The kitchen as a performative space is a place of actions. These actions are performed by the body - still usually understood as female bodies in the domestic realm. Looking at decades of Swiss Magazines such as «Bauen+Wohnen» the sentence «the woman performs most of her household chores in the kitchen, therefore the kitchen becomes the most important space for her.»(1) resonates. Throughout its history the kitchen has changed its colors, sizes, meaning many times and has turned in the last century to an object of status from a space of work. The connotation as a «female space» still sticks. The kitchen as a space negotiates between the connotation of gender-specificity and models of living together and becomes also in terms of environmental question a space of political debate: «Daily cooking must be understood as public, as well as private.» (2). The kitchen acts as a hinge between the outside and the inside, since everything that is being prepared inside it, points back to a landscape it came from. It could even be understood as a reflection of the values of a society.

The actions in the kitchen start from preparation to serving and the term «cooking» is generally used to describe them all, although «to cook» is just one part that is performed in the kitchen.
Cooking is a daily ritual, a daily work of care and maintaining a family or a household. Who cooks for whom, when what and where, has clearly a social but also a spatial meaning.

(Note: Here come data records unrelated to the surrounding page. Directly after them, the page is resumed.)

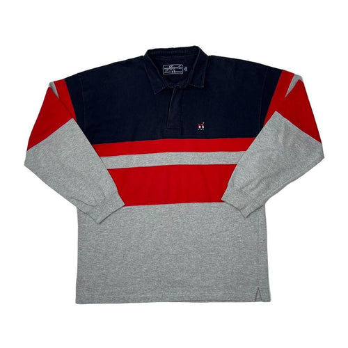 Vintage JEZEQUEL Colour Block Embroidered Mini Logo Long Sleeve Rugby Polo Shirt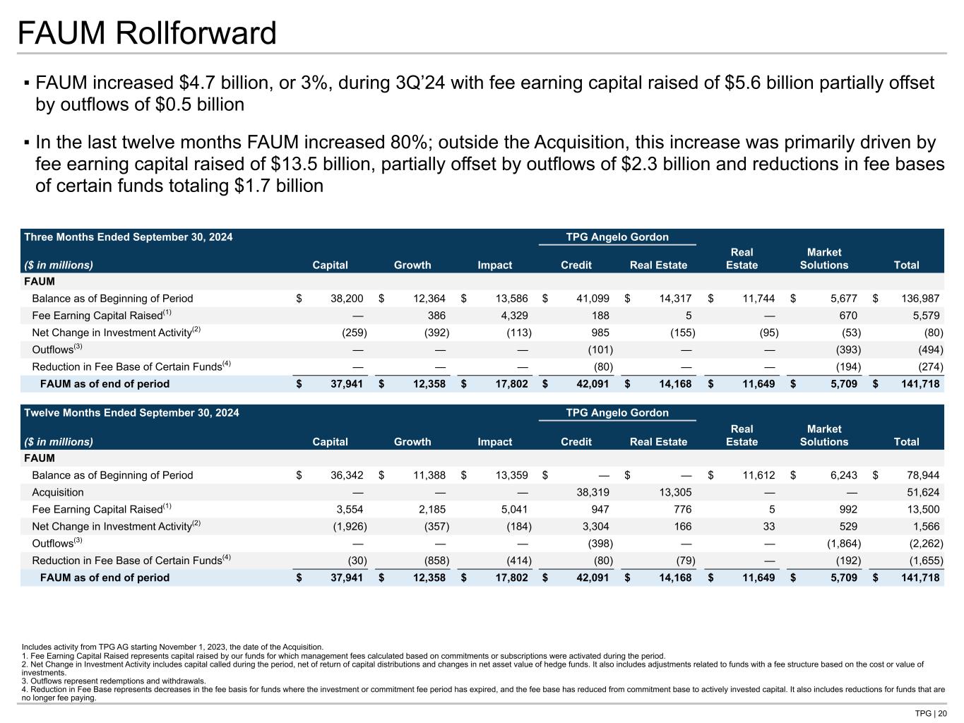 TPG | 19 AUM Rollforward Includes activity from TPG AG starting November 1, 2023, the date of the Acquisition. 1. Outflows represent redemptions and withdrawals. 2. Changes in Investment Value and Other consists of changes in fair value, capital invested, available capital, and net fund-level asset related leverage activity plus other investment activities. ▪ AUM increased $10.1 billion, or 4%, during 3Q’24 and $103.0 billion, or 76%, over the last twelve months ▪ The AUM change in 3Q’24 was primarily driven by capital raised of $10.4 billion and net increases in investment value and other of $5.9 billion, partially offset by realizations totaling $5.6 billion ▪ AUM growth for the last twelve months, outside the Acquisition, was primarily driven by $30.2 billion of capital raised, including $10.2 billion in TPG AG Credit and $7.6 billion in the Capital platform, partially offset by $18.5 billion of realizations Three Months Ended September 30, 2024 TPG Angelo Gordon ($ in millions) Capital Growth Impact Credit Real Estate Real Estate Market Solutions Total AUM Balance as of Beginning of Period $ 71,758 $ 26,670 $ 19,350 $ 67,486 $ 18,250 $ 17,322 $ 8,139 $ 228,974 Capital Raised 827 518 4,992 2,886 18 34 1,101 10,376 Realizations (1,238) (677) (383) (1,954) (719) (441) (169) (5,581) Outflows(1) — — — (107) — — (405) (512) Changes in Investment Value and Other(2) 1,817 743 747 1,587 730 194 31 5,850 AUM as of end of period $ 73,164 $ 27,254 $ 24,706 $ 69,898 $ 18,279 $ 17,109 $ 8,697 $ 239,107 Twelve Months Ended September 30, 2024 TPG Angelo Gordon ($ in millions) Capital Growth Impact Credit Real Estate Real Estate Market Solutions Total AUM Balance as of Beginning of Period $ 67,103 $ 23,819 $ 17,984 $ — $ — $ 18,280 $ 8,943 $ 136,129 Acquisition — — — 57,390 17,915 — — 75,305 Capital Raised 7,642 3,214 5,504 10,226 1,354 808 1,428 30,176 Realizations (5,152) (2,212) (1,359) (5,778) (2,091) (1,456) (494) (18,542) Outflows(1) — — — (417) — — (1,933) (2,350) Changes in Investment Value and Other(2) 3,570 2,433 2,577 8,477 1,100 (522) 753 18,388 AUM as of end of period $ 73,164 $ 27,254 $ 24,706 $ 69,898 $ 18,279 $ 17,109 $ 8,697 $ 239,107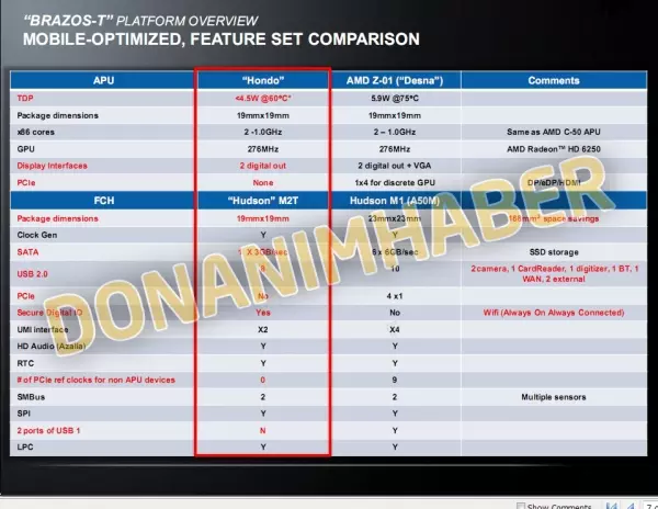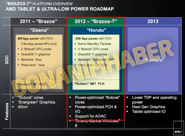 A Brazos-T platform egyébként két fő komponensből épül fel: az egyik a Hondo kódnévre keresztelt APU egység, amely a Desna (Z-01) utódjául szolgál majd, míg a másik a Hudson M2T lapkakészlet, ami a Hudson M1 FCH (Fusion Controller Hub) helyét veszi át a piacon.

In 1851 Gottfried Semper declared the fire place as the first element of architecture: Where the community gathers, the place that provides warmth and food. The kitchen was not the place for a single body, rather the shared «heart of the house». For quite some time the kitchen stayed integrated within the family space as most of the household actions were also performed inside the house. But during history this fire slowly moved away from the center of the household space and with modernization of housing, efficient pipes and plumbing was pushed to the wall. The different disposition also affects the position of the body.

Looking at the kitchen through the lens of the body, norms, standards and ergonomics become visible. In the early 20th century with the studies of Christine Frederick, who worked with the Taylorist idea of optimizing time used for work and then in the 20s the Frankfurter Küche from Margarethe Schütte-Lihotzky the kitchen space was brought down to a minimum. The minimal space should enable minimal motion sequences: The kitchen turned into an efficient space, the «Laborküche». Although this aimed to minimize the household workload of the newly working women, it actually placed her alone as a single body in the kitchen. With this minimization also the act of cooking and the act of eating separated again in space.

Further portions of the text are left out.